Underline

How do you step up to compete at the top level?

Back
Martin port

By Martin Port

18 July 2022

In this special video series, former England footballer and manager Kevin Keegan gives his secrets to great leadership.

In the eighth of nine videos with BigChange founder Martin Port, Kevin discusses how people can get a promotion and aim for a top management job.

Watch the video or read the transcript below.

Martin: 

We’ve talked about moving from the first office, to the second and so on. I’ve got milestones. I know what I want to achieve and the steps I need to take to get to that vision, but sometimes you just can’t feel it.

As a player, and also a manager, who climbed from the second division to the premier league, how difficult is it? How did you deal with it and how did you do it?

Kevin: 

Well I did it both as a player and a manager. As a player, you’ve just got to go out and play and the management has the worry. When you’re a manager, a leader, you have to convince these players to keep going.

I think it’s quite simple. We won the championship with Newcastle by quite a few points and we were an outstanding team in that division. We already knew from the cups we’d played in, with teams from the Premier League, we’d do okay.

People know that if you put the bottom half of the Premiership and the top half of the Championship together you’d get different winners every year.

There’s not a lot of difference. What we had to convince our players was that we weren’t just going up into the Premier League, we were trying to win it. We set the bar high, we didn’t plan to consolidate.

I think consolidate is the one word that should be banned in footballing terms. If a chairman comes to you and says ‘lets consolidate’ – I had this at Man City – it means you’re going backwards.

While you consolidate, everyone just jumps over you. It means you want to stay where you are, but you won’t because of the ambition of other teams. You’re settling for mediocrity.

At Newcastle when we went up we convinced the players by looking at the league, how we’d dominated teams from it in the cups, and knowing that we weren’t your normal, newly promoted, team. We were a very good side.

A Premiership side playing in the Championship for one season. We believed that and I think the players could see what we were talking about.

My programming notes on the first home game we had was “Watch out Sir Alex we’re after your title”. I remember one of the directors coming to me before the game and saying “What is this? You’ve put us all under unbelievable pressure.”

I couldn’t believe it!

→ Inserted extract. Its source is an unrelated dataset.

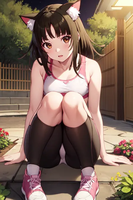 nadeko01, short hair, blunt bangs, brown hair, brown eyes, track jacket, track suit, track pants, red pants, red track suit

I honestly believed – and wanted my players to believe – we could go up and win the league, even if we end up finishing second or third. We actually ended up fifth.

Everyone else expects the teams to come up and try to survive. Survival is not what we wanted. We wanted to push the players to aspire to be right up the top of that table.

With your Manchester United’s, Tottenhams, Arsenals. We did it. And we did it because we sowed the seeds in their minds that we were good enough. If we had to convince them of that, that’s what we were going to do.

In terms of setting targets, the chairman was okay but the board member wanted the pressure off. I wanted my players and staff to not think we were just in that league to make up the number but that we were going to have a very good go at it.

Martin: 

The big word that came out for me there was consolidation.

Kevin: 

Here was a guy saying “lets just go in there and if we stay up, that’s good”.

Now if we’d said that to the players, I don’t think we’d have ever finished near the top. But we set the target.